Люба спросила внезапно парня:
- Толик, а это правда, что ты ангел?
Толик важно ответил, поправляя свой пиджак и галстук:
- Ну, конечно, я, а кто же еще? Только я волчонок все же, а не ангел.

       Аркаша понял, что настал миг, он должен им все сказать, чтобы они знали кто он такой, ведь не напрасно свет белый его носит. Мать его родила не просто так. Он же интересен самому себе, следовательно, и им будет интересен. 

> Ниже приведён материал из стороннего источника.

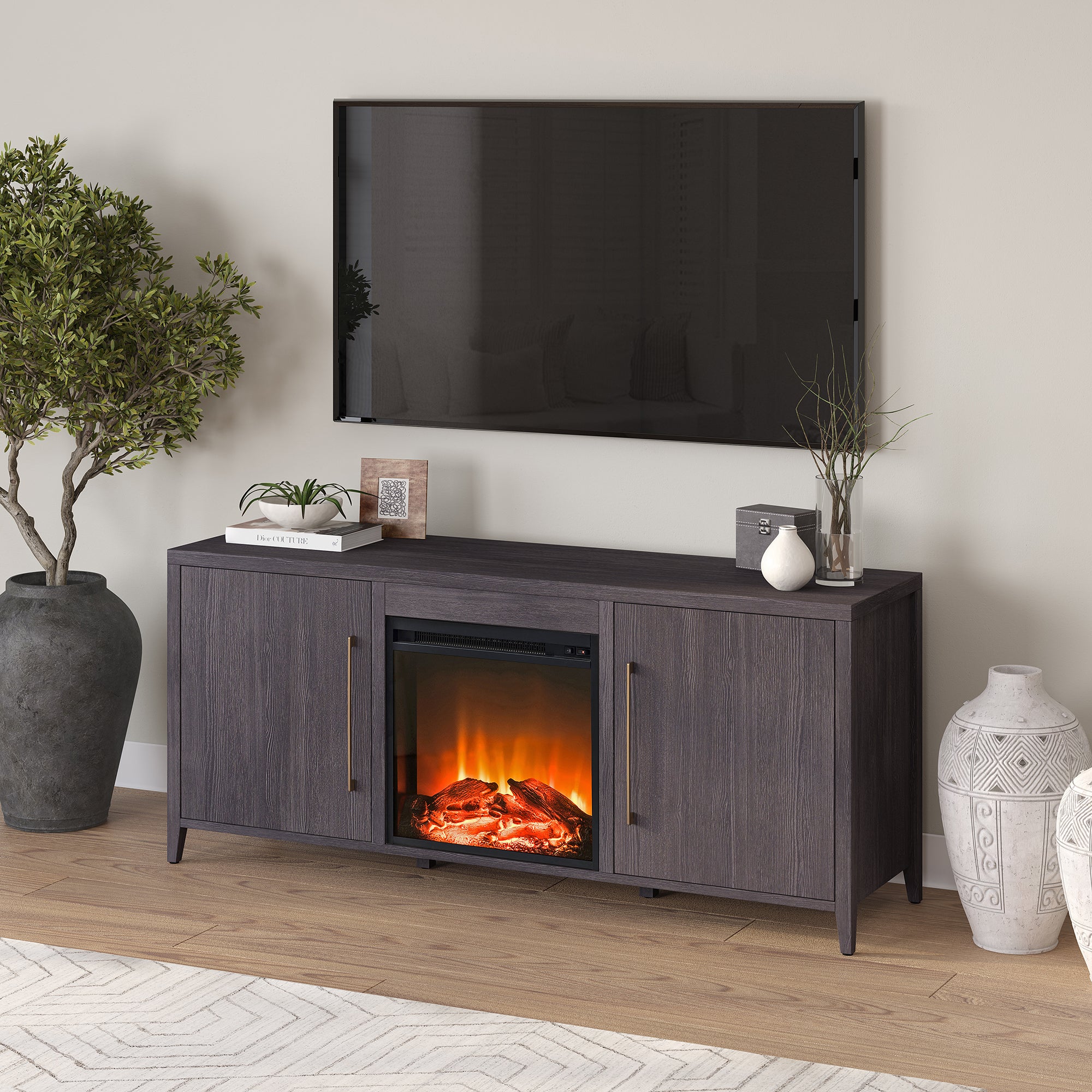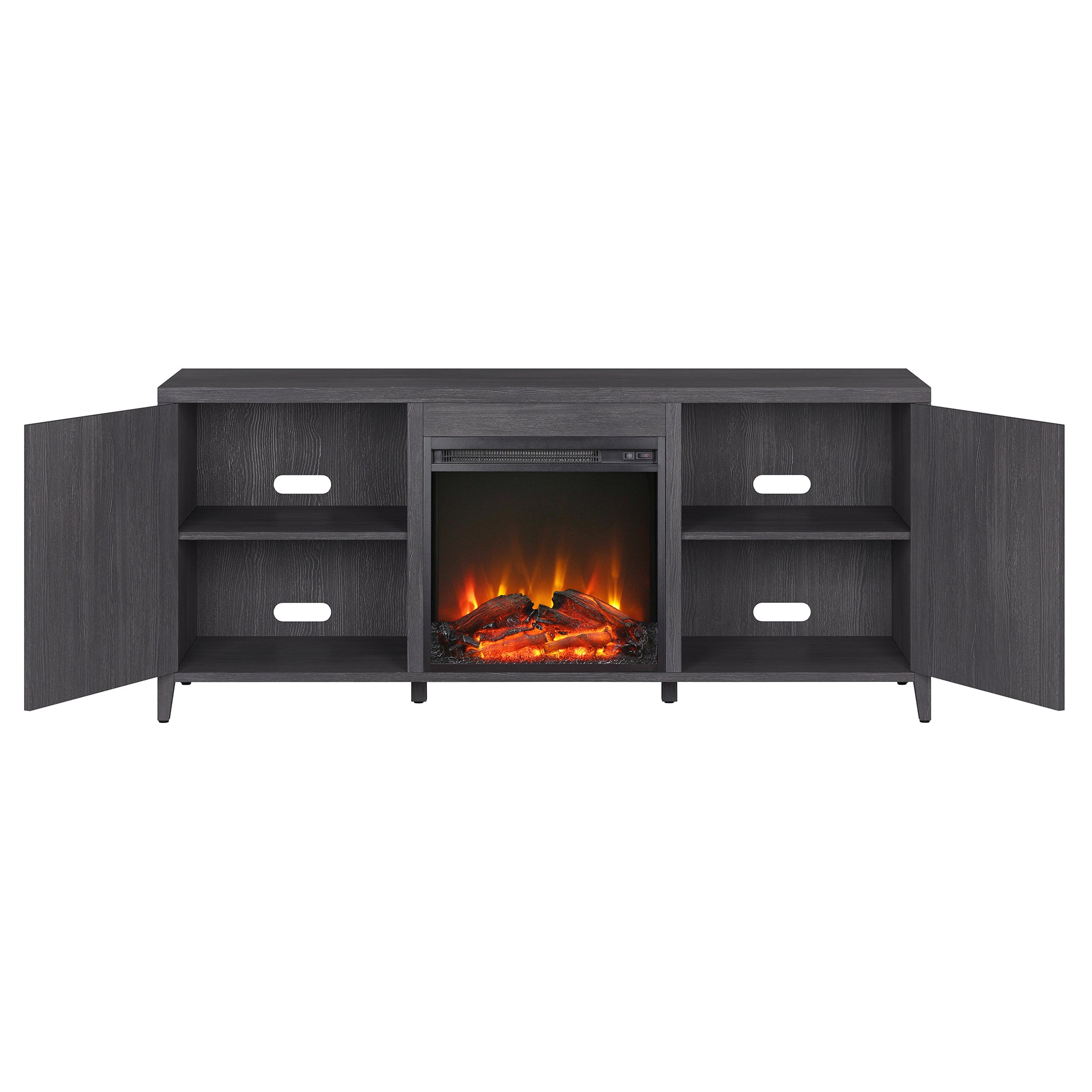 - Features an electric fireplace with wood-look logs, with 4 shelves and 2 enclosed doors for ample storage.

- Мой отец мне часто рассказал о том, что Валентин Катаев говорил в одной передаче, что двухсот книг более чем достаточно для домашней библиотеки. А у Михаила Шолохва вся квартира в книгах. Все шкафы ими забиты. Мой сосед хотел быть как Шолохов: одно время накупил себе уйму книг, но инсульт случился с ним и его сын все распродает, говорит, что на пиво хватает. Да, а я сам что? Надел свою косуху, кеды, купил бутылку вина и пошел в центр гулять. Мне тут бабы кричат: "Хеви металл жив, панки не умрут, мы победим, мы сильные, мы волки лесные!". Ну, я иду себе по центру и мацаю за жопу дедов, солдат, теток, подростков. Мне весело, вот и все, но они возмущаются, говорят, что я хулиган. "Милиция, хулиган!" - орет дед, ощутив мою руку на его попе. Вдруг вижу, сидят два панка на ступенях у церкви с гитарой. "Много нааскали?"- спросил я. "Неа, тут все жадины-говядины, христиане вообще просто жуткие жмоты" - ответили они ему хором. В церкви было тихо, поп стоял у икон и молился. Я его за зад хватанул, а он заорал, что я бесноватый, а я ему икону сломал, просто сбросил ее со стену на пол. Стекло разбито, а свечи все же горят. "Хамство!"- орут старушки, что свечки ставят. "Жулик!" - орала матушка, поднимая батюшку с пола. "Понаехали тут!" - орала уборщица. "Житья от вас нет!" - кричала дочь попа. "Милиция куда только смотрит" - сказал пьяный прихожанин, увидев, как я сбрасываю со стен иконы. "Кто с миром пришел, тот от меча умрет" - сказал дрожащим голосом поп, потирая свои мокрые колени. А я иду дальше в сторону проспекта Ленина, там вижу машину огромную, что парит над землей, я кричу, чтобы меня взяли с собою в полет. Мне бросают трос, я лезу в ее кабину. Там сидят мальчики и спрашивают: "А ты уже знаком с атомной энергией?". "Да, конечно, конечно же, знаком, - отвечаю я им с улыбкой".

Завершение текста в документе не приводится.